If you can get me pointed in the right direction I'll see if I can put together a PR.
For now, you could use a workaround:
spread = Spread('example')
spread.df_to_sheet(df, sheet="sheet", start=(spread.get_sheet_dims("sheet")[0]+1,1), headers=False)
Hey! sorry the notifications for this must have slipped through my e-mail. The above workaround def should work well when the data starts in A1 and the column order is the same, but it gets complicated when it doesn't.
It seems like an append_to_sheet
method would be a good addition, we just need to make sure that we address the following corner cases:
- does the data fill all available columns/rows or is the worksheet bigger than the data?
- does the data start at A1 or elsewhere?
- are the columns and their order still the same or has it changed?

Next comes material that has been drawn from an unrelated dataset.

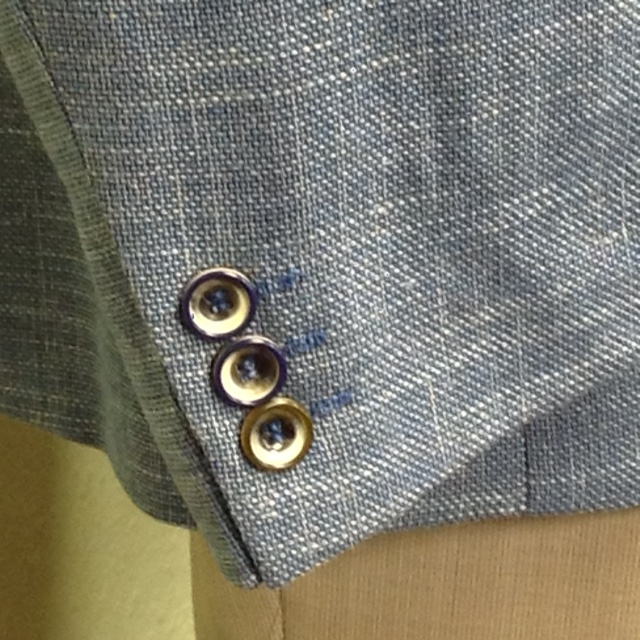 Scott Blue Linen Mix Single Breasted Jacket With Navy Piping Trim.

I imagine the goal of append over replace is simply to reduce the number of API calls and amount of data sent over the wire, which might complicate things because we might still need to fetch data to figure out the answers to the above questions...
@aiguofer wondering if there is any updated on this? would indeed be ace if the package would be extend with a append_to_sheet for the very reasons you mentioned above. thanks
Agreed, append and prepend (for adding rows to table sorted in reverse chronological order) functionality would be very useful.
I imagine the goal of append over replace is simply to reduce the number of API calls and amount of data sent over the wire, which might complicate things because we might still need to fetch data to figure out the answers to the above questions...
Yes, reading data from spreadsheet into dataframe, updating, then dumping enlarged dataframe into worksheet is a clunky solution, and gets worse as the dataset grows in size.
Yes, would probably need to fetch last row of data (for append) or first row of data (for prepend) to figure out where to write, and of course could have optional parameters for user to specify certain characteristics of data to reduce the number of parameters the function needs to determine on its own.